## DATA FOR ANALYSIS
○ ○ ○ ○ ○
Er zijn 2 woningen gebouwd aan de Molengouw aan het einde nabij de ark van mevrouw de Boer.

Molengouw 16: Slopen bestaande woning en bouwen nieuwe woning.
○ ○ ○ ○ ○
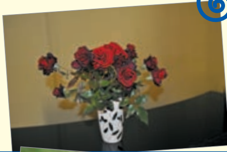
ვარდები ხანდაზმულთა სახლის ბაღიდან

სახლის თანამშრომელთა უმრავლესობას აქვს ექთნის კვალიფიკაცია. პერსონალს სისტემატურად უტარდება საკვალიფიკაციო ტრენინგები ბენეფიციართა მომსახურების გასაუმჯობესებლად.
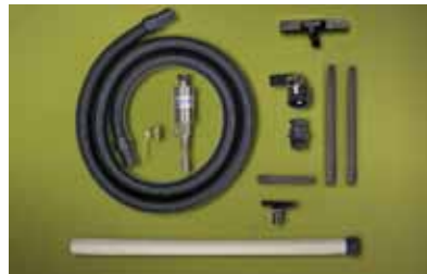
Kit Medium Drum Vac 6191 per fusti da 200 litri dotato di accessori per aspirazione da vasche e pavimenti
○ ○ ○ ○ ○
The lines above from the one with "Er zijn 2 woningen" through the one with "Molengouw 16: Slopen" are to be duplicated exactly, ends included, with nothing added.

Er zijn 2 woningen gebouwd aan de Molengouw aan het einde nabij de ark van mevrouw de Boer.

Molengouw 16: Slopen bestaande woning en bouwen nieuwe woning.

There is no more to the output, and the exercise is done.